___ Exercise data ___
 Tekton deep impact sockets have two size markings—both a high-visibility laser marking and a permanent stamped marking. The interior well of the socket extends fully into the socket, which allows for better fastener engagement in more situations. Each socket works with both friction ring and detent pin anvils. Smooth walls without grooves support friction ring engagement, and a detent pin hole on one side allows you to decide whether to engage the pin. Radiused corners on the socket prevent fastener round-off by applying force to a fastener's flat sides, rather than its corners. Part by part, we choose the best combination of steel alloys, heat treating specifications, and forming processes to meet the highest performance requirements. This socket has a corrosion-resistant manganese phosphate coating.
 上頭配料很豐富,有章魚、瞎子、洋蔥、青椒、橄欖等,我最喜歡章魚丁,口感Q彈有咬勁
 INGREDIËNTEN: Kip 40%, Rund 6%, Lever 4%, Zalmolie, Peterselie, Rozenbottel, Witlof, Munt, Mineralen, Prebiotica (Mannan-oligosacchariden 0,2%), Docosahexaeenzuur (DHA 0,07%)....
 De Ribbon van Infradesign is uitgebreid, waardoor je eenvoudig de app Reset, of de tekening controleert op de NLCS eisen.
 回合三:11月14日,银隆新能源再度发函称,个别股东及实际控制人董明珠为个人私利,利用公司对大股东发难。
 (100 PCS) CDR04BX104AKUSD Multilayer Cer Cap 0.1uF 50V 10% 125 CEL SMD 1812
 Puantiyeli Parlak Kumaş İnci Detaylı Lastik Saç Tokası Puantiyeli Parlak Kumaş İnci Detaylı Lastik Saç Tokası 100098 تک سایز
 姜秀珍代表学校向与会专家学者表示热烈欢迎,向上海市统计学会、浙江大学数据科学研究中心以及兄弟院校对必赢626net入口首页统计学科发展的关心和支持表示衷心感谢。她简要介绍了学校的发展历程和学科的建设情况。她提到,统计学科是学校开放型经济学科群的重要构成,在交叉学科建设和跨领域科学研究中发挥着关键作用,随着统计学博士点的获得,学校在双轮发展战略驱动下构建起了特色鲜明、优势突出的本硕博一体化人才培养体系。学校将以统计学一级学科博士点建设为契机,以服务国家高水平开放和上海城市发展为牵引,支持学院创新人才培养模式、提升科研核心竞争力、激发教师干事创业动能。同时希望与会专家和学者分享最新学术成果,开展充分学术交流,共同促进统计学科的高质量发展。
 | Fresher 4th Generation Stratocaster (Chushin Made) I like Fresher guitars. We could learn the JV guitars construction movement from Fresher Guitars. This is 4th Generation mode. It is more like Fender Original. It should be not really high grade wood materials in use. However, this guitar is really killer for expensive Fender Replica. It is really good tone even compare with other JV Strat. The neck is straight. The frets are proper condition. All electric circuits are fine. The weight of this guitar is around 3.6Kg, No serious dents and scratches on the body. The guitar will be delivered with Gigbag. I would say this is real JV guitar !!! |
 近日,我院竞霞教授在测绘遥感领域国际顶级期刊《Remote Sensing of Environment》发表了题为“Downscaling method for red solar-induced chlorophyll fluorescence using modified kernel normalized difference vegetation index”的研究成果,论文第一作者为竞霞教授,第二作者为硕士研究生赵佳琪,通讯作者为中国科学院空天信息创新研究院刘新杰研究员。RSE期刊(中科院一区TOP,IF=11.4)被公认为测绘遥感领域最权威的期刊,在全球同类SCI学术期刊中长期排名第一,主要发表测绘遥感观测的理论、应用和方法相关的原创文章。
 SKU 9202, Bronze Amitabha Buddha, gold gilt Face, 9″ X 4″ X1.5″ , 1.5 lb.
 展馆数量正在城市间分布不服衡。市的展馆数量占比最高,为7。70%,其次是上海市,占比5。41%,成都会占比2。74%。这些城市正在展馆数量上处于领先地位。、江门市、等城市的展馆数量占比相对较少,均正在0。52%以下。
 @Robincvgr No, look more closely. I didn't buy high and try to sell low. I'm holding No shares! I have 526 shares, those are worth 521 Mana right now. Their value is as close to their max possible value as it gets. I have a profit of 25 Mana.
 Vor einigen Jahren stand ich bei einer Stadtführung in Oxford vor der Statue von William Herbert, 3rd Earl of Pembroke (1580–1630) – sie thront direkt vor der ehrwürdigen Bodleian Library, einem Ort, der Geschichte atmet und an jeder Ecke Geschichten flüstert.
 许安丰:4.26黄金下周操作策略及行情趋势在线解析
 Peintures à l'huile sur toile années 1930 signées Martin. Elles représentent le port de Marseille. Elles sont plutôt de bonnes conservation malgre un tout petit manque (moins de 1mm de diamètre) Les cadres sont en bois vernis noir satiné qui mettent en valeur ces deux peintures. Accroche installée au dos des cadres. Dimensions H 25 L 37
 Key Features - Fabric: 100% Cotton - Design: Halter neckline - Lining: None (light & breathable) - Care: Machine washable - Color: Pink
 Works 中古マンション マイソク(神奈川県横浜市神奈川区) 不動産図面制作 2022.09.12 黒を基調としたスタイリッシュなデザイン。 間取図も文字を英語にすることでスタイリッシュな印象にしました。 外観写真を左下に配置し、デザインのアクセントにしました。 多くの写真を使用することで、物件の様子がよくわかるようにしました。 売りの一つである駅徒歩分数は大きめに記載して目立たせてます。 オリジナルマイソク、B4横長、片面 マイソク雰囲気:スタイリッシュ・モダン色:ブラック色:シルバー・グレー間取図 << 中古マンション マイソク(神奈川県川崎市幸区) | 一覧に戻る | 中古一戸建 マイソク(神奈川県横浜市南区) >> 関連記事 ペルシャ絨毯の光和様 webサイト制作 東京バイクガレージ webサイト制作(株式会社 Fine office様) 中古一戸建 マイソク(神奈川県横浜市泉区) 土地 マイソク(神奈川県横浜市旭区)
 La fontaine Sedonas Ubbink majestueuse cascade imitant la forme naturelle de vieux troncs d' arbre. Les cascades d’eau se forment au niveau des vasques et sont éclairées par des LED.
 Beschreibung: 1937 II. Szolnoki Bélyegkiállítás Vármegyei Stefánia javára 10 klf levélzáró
___
**Work instructions**
Wherever the line holding "上頭配料很豐富,有章魚、瞎子" falls in the entries above, copy exactly from it through the line holding "INGREDIËNTEN: Kip 40%, Rund", inclusive, and add nothing.

**Exercise result**
 上頭配料很豐富,有章魚、瞎子、洋蔥、青椒、橄欖等,我最喜歡章魚丁,口感Q彈有咬勁
 INGREDIËNTEN: Kip 40%, Rund 6%, Lever 4%, Zalmolie, Peterselie, Rozenbottel, Witlof, Munt, Mineralen, Prebiotica (Mannan-oligosacchariden 0,2%), Docosahexaeenzuur (DHA 0,07%)....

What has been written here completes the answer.